■ **WHAT YOU WILL DO**: Would you retype exactly the lines below, starting with the one that has "Yonex Badminton String" and going on through the one that has "Indulge in luxury", with no pictures and nothing else?

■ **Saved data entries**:
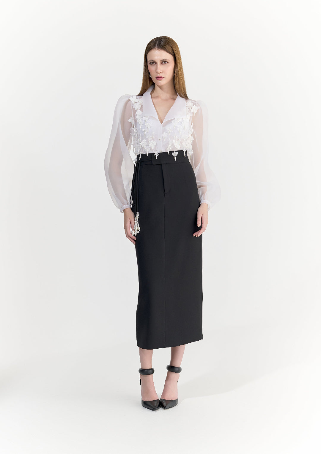 Combine esta saia com a blusa de organza da coleção para um visual refinado. Adicione sandálias de salto alto e joias discretas, como brincos de pérola, para completar o look elegante. Perfeita para eventos noturnos e ocasiões que exigem sofisticação.
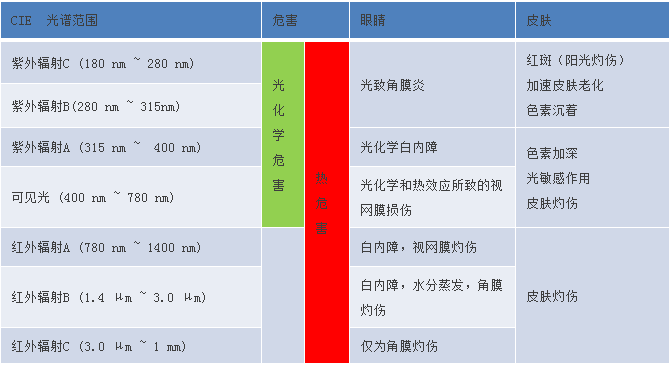 其中,過量激光照射的病理效應和常見疾病匯總如下表:
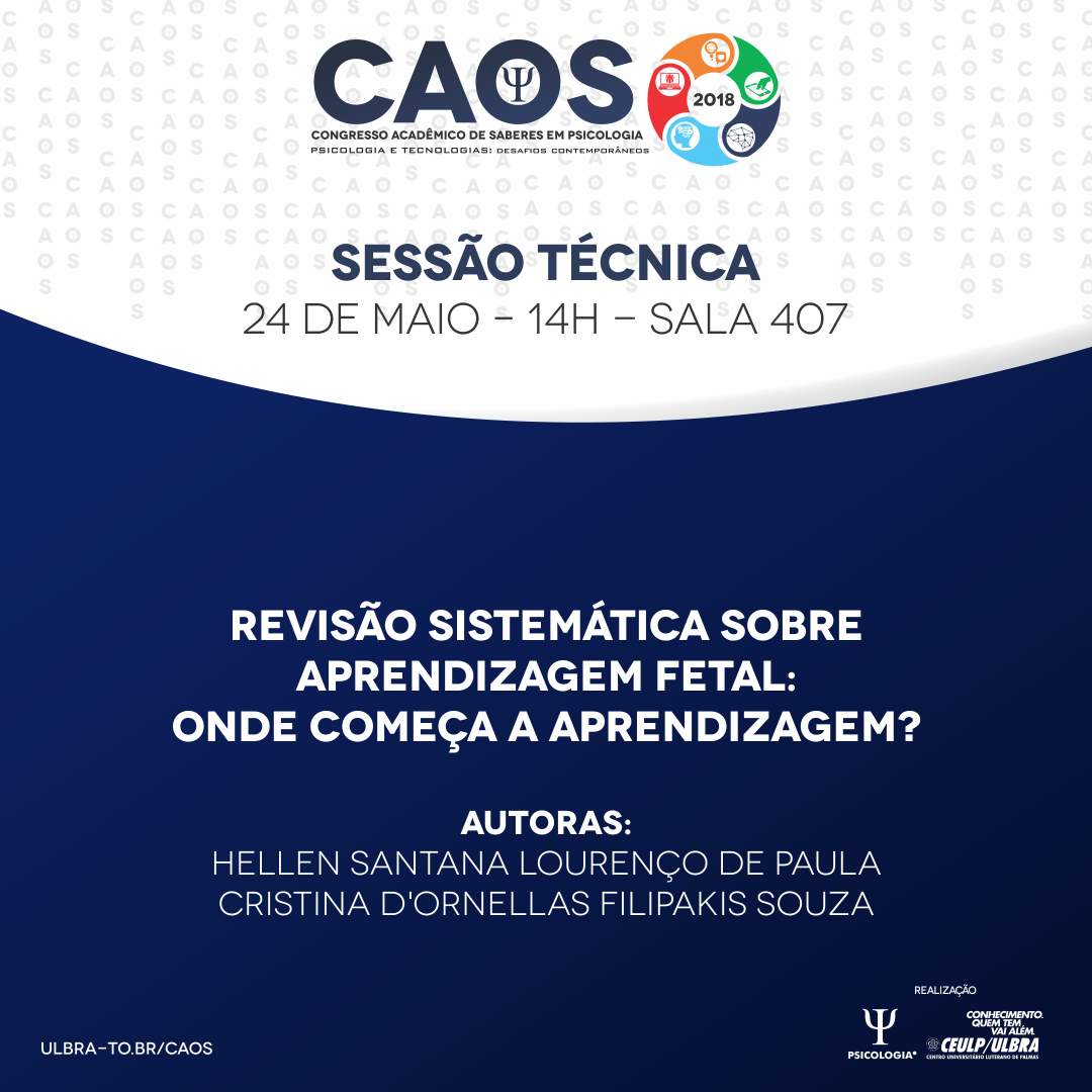 A acadêmica do curso de Psicologia Hellen Santana Lourenço de Paula, em parceria com professora Cristina D’Ornellas Filipakis, submeteu e apresentou o artigo “Revisão sistemática sobre aprendizagem fetal: onde começa a aprendizagem?", durante as sessões técnicas do Caos 2018 ocorridas no dia 24/05.
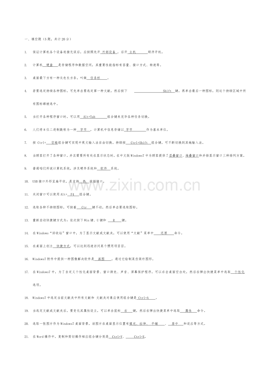 21. 在Word操作中,复制和剪切操作相应组合键分别是 Ctrl+V、 Ctrl+X。
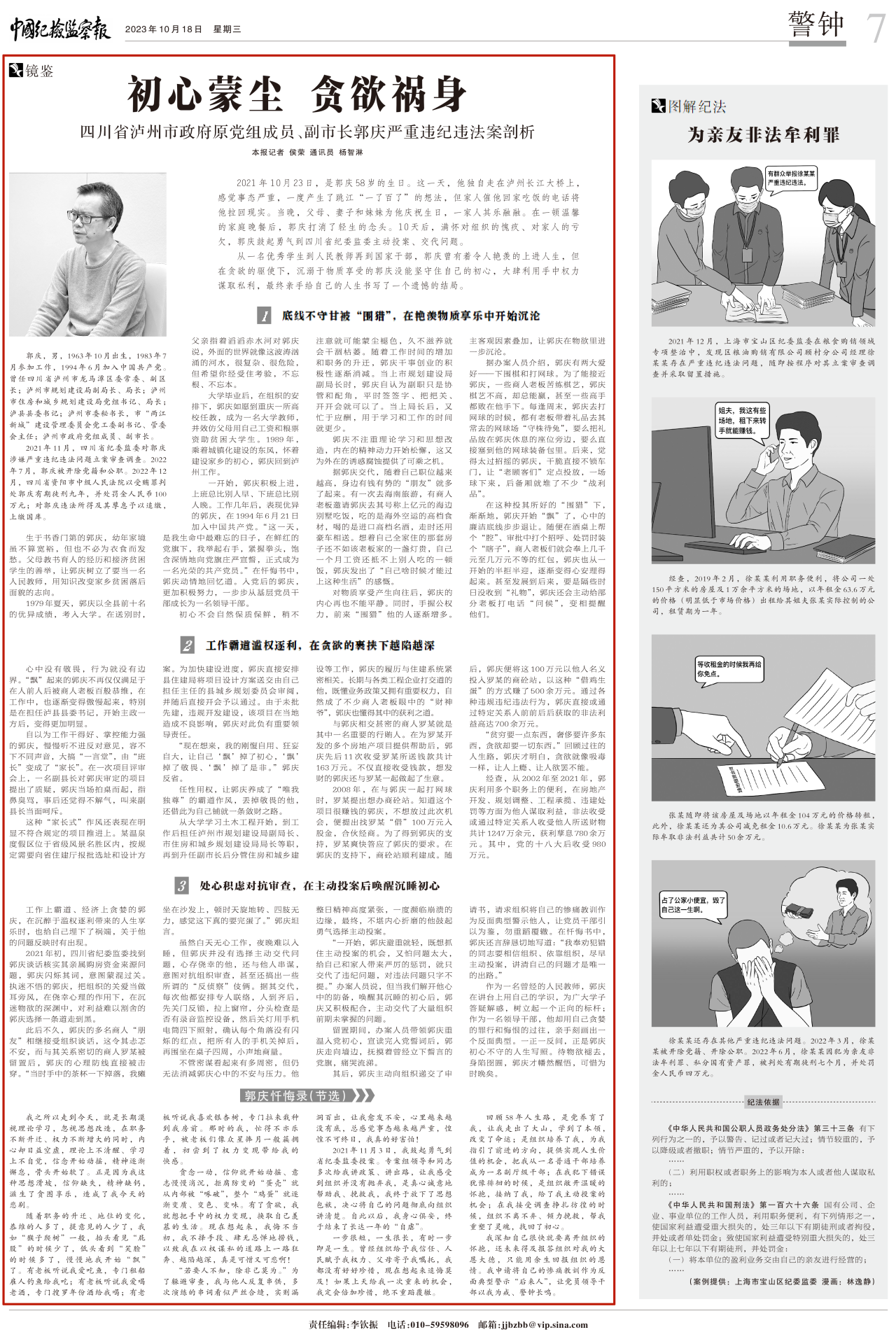 “貪欲就像吸毒一樣,讓人上癮,讓人欲罷不能……落得今天這個下場,也是咎由自取。”在近期四川省紀委監委網站發布的懺悔實錄中,瀘州市政府原黨組成員、副市長郭慶現身說法,給觀看者敲響警鐘。
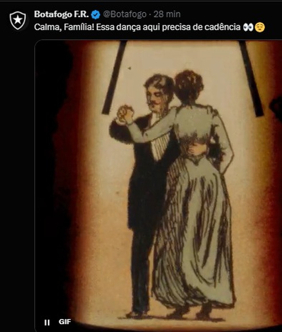 Em resposta, o Botafogo exibiu uma imagem de um casal dançando uma valsa, seguida de uma mensagem provocativa: “Com vocês, um clássico das festas de 15 anos”.
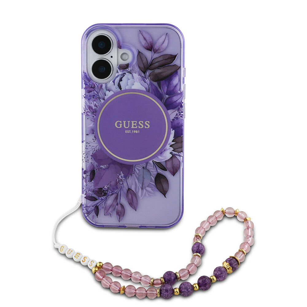 iPhone 16 Plus Kılıf Guess Orjinal Lisanslı Magsafe Şarj Özellikli IML Baskılı Çiçek İnci Bileklikli Kapak
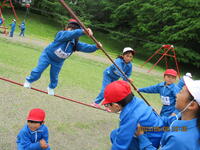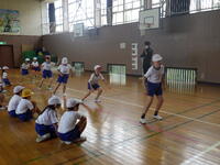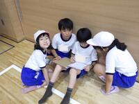 。励ましの声をかけたり、やり方を教えたりする上学年の子供たちの姿に優しさと思いやりを感じました
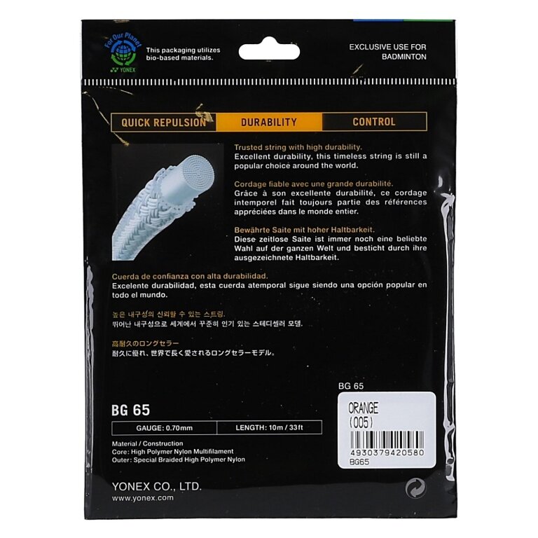 Yonex Badminton String BG65 (Allround+Durability) orange Set 10m
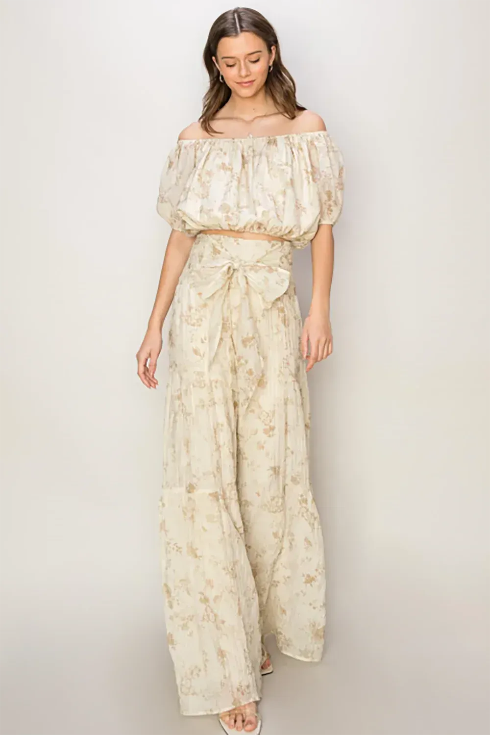 Indulge in luxury with our exquisite Taupe Floral Off-Shoulder Elastic Hem Puff Sleeve Crop Top. This sophisticated piece features a beautiful floral print, off-shoulder design, and elastic hem for a perfect fit. The puff sleeves add a touch of elegance, making it a must-have for any fashion-forward wardrobe. Elevate your style and stand out in this exclusive top.
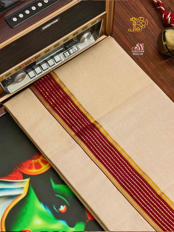 Product Specifications: Multi Colour Embroidery Golden Kasavu Single Dhoti

■ **RESULT OF THE TASK**:
 Yonex Badminton String BG65 (Allround+Durability) orange Set 10m
 Indulge in luxury with our exquisite Taupe Floral Off-Shoulder Elastic Hem Puff Sleeve Crop Top. This sophisticated piece features a beautiful floral print, off-shoulder design, and elastic hem for a perfect fit. The puff sleeves add a touch of elegance, making it a must-have for any fashion-forward wardrobe. Elevate your style and stand out in this exclusive top.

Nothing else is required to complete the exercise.